Jimmy: Fantastic. I think we’ll do one more question here. I’m not gonna get to all of the questions but that’s why Chris has a breakout session immediately after this. We’ll get that opened up in about 60 seconds here for anybody who wants to join. I’m gonna post the link for that breakout session in the Zoom chat as Chris answers this final question I’m gonna pose to him. What are your exit options down the road, you know, beyond that 10-year holding period where investors can take advantage of that third and ultimate tax benefit of elimination of capital gains on the OZ investments?
Chris: Yeah, so you have until 2048 to stay in an OZ fund based on how the law is currently situated, which is a very long time. It’s, you know, 20 however many years from now, 26, 27 years from now. And so, because of that, some investors are looking at this as an opportunity to build, you know, intergenerational wealth for their family. Some investors are like, “I want in for 10 years and I want out year 10 and a day.” Because they need the liquidity and they need the cash. And so, what we’ve decided to do at Caliber is to try to build a fund strategy where investors that wanna get out at year 10, we’ll have identified them in years 8 and 9. We’ll know what that looks like and we’ll be able to either sell assets or acquire those positions from those investors at their current value. So, to get them out. And then for those of you who wanna stay in for 15 years, or 20 years, or whatever, we’re building a portfolio so we could potentially accommodate that so that you could stay in for the longer period and maximize your tax benefit. Because at that point in time, what are you gonna own? You’re gonna own a diversified portfolio of income producing real-estate that’s probably optimized in terms of its cashflows and so you’re just getting a nice distribution and you’ve got tax-free growth.

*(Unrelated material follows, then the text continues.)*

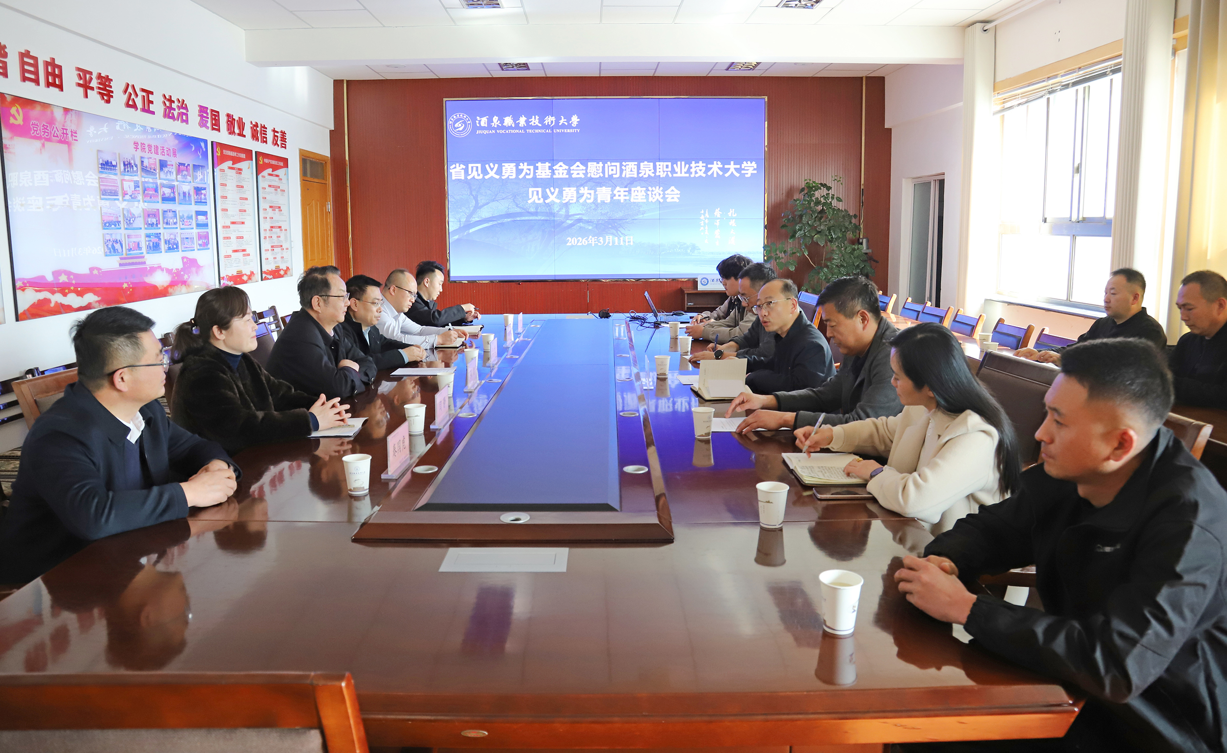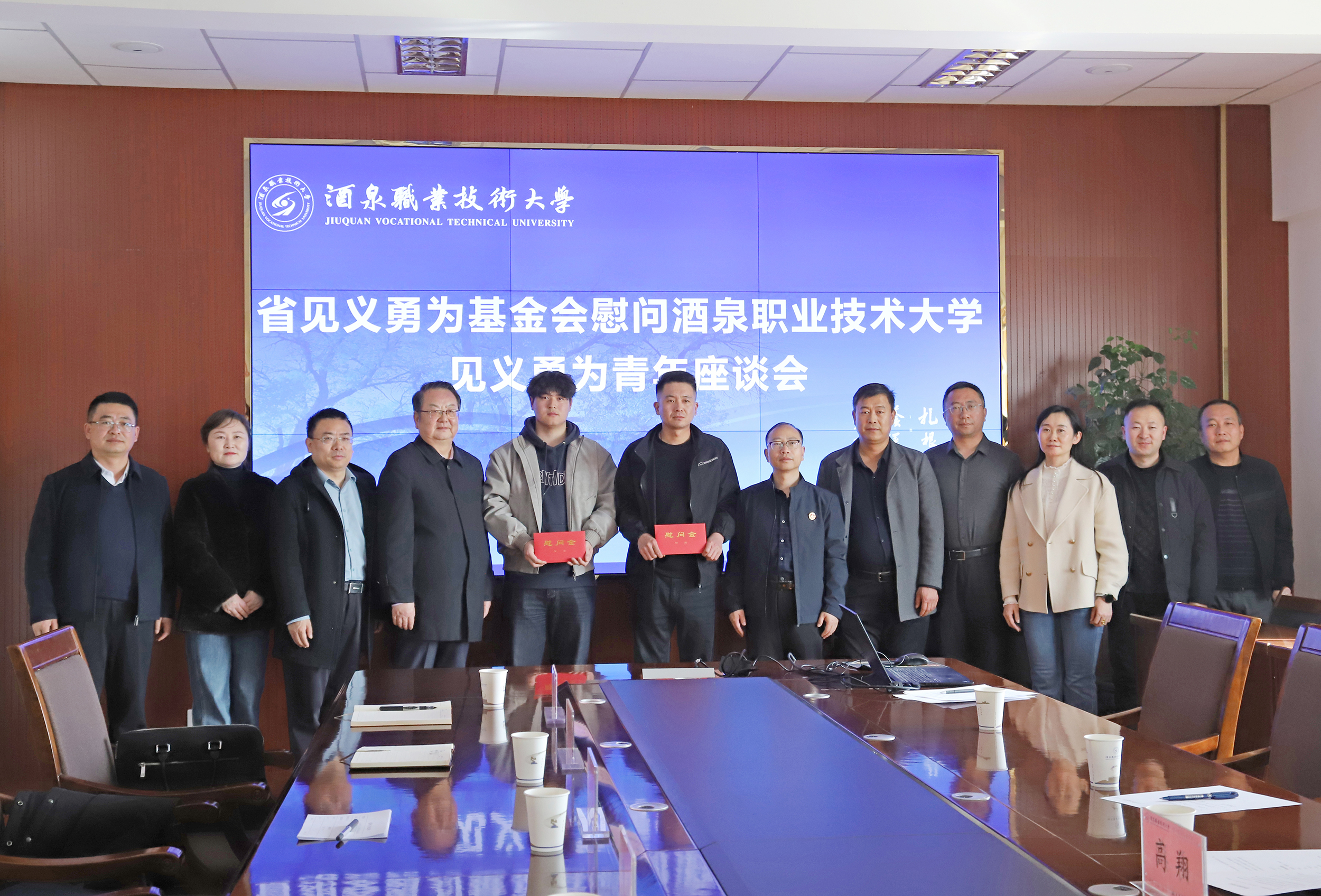 要闻快递 > 正文2026年3月11日,甘肃省见义勇为基金会常务副理事长张翔一行来到学校,慰问我校见义勇为学生徐彬和肃州区青年赵江儒。市见义勇为协会、肃州区委政法委及综治中心相关负责人陪同慰问。学校党委委员、副校长高翔主持慰问活动。学生工作部、新能源工程学院负责人及教师代表参加座谈。

So, we can do that by just holding the portfolio. We can do that by doing an UPREIT structure, as I mentioned, which is our plan as long as the market would support it at the time, is to take Caliber assets that all conform together, roll them into a REIT and take the REIT public so you just have shares of a REIT that trade on the exchange. You’re able to sell your shares whenever you want, and you’ve got a nice dividend coming off the REIT. So, that’s our strategy or our plan, you know, but we can’t guarantee what it’s gonna look like in 2030… What? 2032 at this point in time?
Jimmy: It’s a ways off still, I know. So, it’s hard to see what…hard to know what the market’s gonna do tomorrow, let alone 10, 11 years from now, so. Well, Chris, I’ll cut you loose there. I’ve just posted the link to the Caliber Fund’s breakout session. Please do join Chris and his team in that breakout session now.